И все-таки, для ренессансного сознания, те уровни реальности, которые лежат за пределами собственно художественно-проектного творчества, понимаемого, правда предельно широко, не связаны с партисипацией личностного "я". Поэтому, они и понимаются как вторичные, периферийные, и, по большому счету, не подлинные. Потому, в соответствии с положением о том, что критерий истины лежит внутри ее самой, для ренессансного разума безусловной верификацией практического соединения двух градов служило не  реальное существование  такого города ( с реальным воплощением было туговато), а завершенность, непротиворечивость и  принципиальная осуществимость  самого проекта.  Полагая себя как культурное целое, художественное сознание строит собственную целостную модель мира. И здесь, что чрезвычайно важно, с неизбежностью происходит самореконструирование или регенерация бинарного стержня мифологической структуры.  Иными словами, синтезированный в ренессансном проекте город - разумно организованный, лишенный противоречий космос, снимающий оппозицию двух градов, неизбежно предполагает "свое другое", свою диалектическую противоположность,  разворачиваемую в художественном образе. Так, на другом полюсе художественного сознания , которое с этого момента, в нашем исследовании берется за целое, в противовес гармонической утопии "слияния" начинает смутно мерцать образ города зла, города-мертвеца, воплощения пустоты. На сцене мифологической драмы появляется тень Мачехи. Помня о том, что универсум, моделируемый художественным сознанием, взятый как целое изначально, столь же синкретичен, сколь и само это сознание, попробуем проследить некоторые важные дальнейшего развития мифологемы моменты.

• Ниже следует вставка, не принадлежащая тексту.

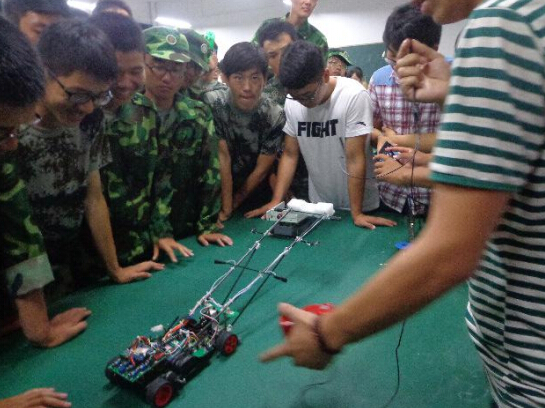 9月24日下午2点展览一开始,就吸引了很多师生前来参观。展览现场展出了智能车、轮廓检测仪、双足机器人、仿人机器人、电磁炮、四旋翼直升机等众多高科技作品。创作者为大家做了详细、生动的解说,并进行现场模拟,演示作品功用。很多大一新生都由衷地发出感慨,觉得“牛人”就在身边,并纷纷表示一定要做一件属于自己的科技作品。本次展出的科技创新作品,都是学院大学生科技创新团队中精挑细选出来的,每件作品都凝结了创作者的聪明才智和辛勤汗水,也展现了电气学院大学生紧扣时代脉搏的创新精神和创新能力。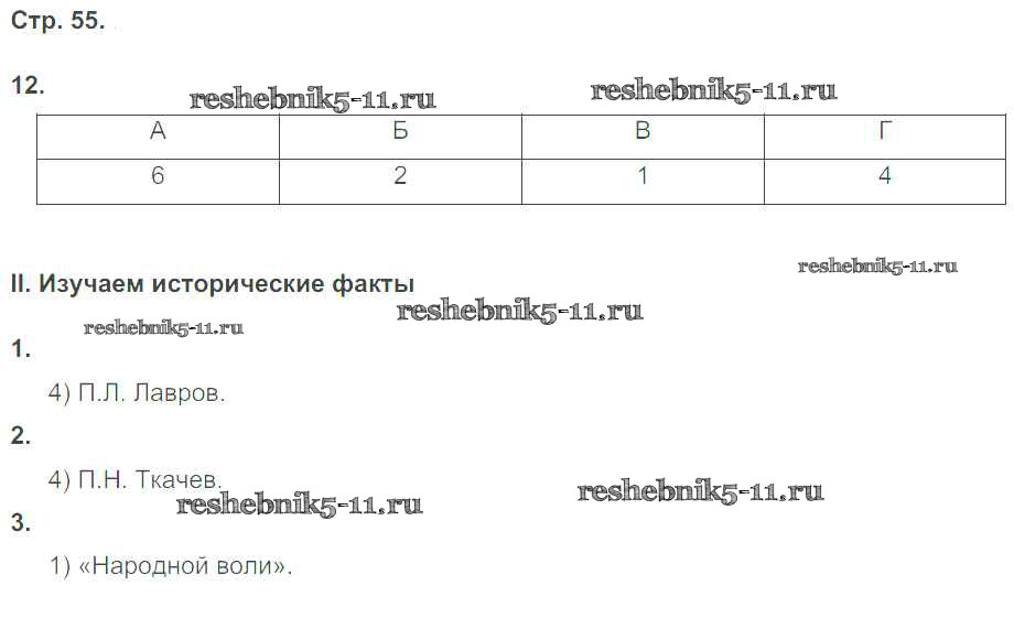 Готовая домашняя работа с ответами по Истории за 9 класс Гевуркова Рабочая тетрадь УМК Экзамен 2019 ФГОС - Страницы 55

Когда Платон говорит о том, что "Приятно было бы видеть город, имеющий облик единого дома" (15), то здесь чувствуется живая ностальгия по синкретически гомогенному магическому универсуму. В нем элементы стержневой триады: дом-храм-город, а, также их отдельные структурно-семантические элементы - окно, стена, дверь, врата, лестница, и другие - связаны не только морфологически но и магически-функционально, замыкаясь, в конце концов, на самого человека. В этой связи понятна и другая мысль Платона, высказанная в "Законах". Платон считает, что каждый житель идеального города должен иметь два жилища : одно в центре города, другое на окраине. Когда Д.-Б. Альберти пытаясь войти в ту же реку, из которой,условно говоря, вышел Платон (да простят мне эту метафору) говорит, что "Дом есть маленький город , а город - величайший дом"(16), ситуация в культуре уже радикально изменилась. Получив в наследство "волшебный конструктор" архетипических матриц и форм, ренессансное сознание не получило в придачу "инструкцию" в виде безошибочных формул априорной магической интуиции. Порывая связь с "родовыми инстинктами" разуму ничего не остается делать, как расчитывать только на свои собственные возможности. Черпая модели и образы в сакрализованой античности, разум берет (вынужден брать) за точку опоры эмпирическое наблюдение. Испытывая иллюзию всемогущества ренессансный разум рождает механистический синтез. Как ни старались бы авторы ренессансных градостроительных проектов более или менее осознано воспроизвести в топике идеально города древние магические структуры, все это есть уже только символы и почти ничего кроме символов. Проектное сознание тасует и комбинирует архетипические элементы (круги, звезды, октагоны и др.) экспериментально ища потерянный код. Причем, не желая признавать никаких критериев истины, лежащих за пределами собственно проектно-творческого сознания, ренессансный разум все менее соотносит проект с реальностью. Если кватрочентистский проекты еще считались со здравым смыслом и практической целесообразностью, то в более поздних проектах причудливый симбиоз сакрально-символического и механистически рационального скатывается во все более отчаянную утопию.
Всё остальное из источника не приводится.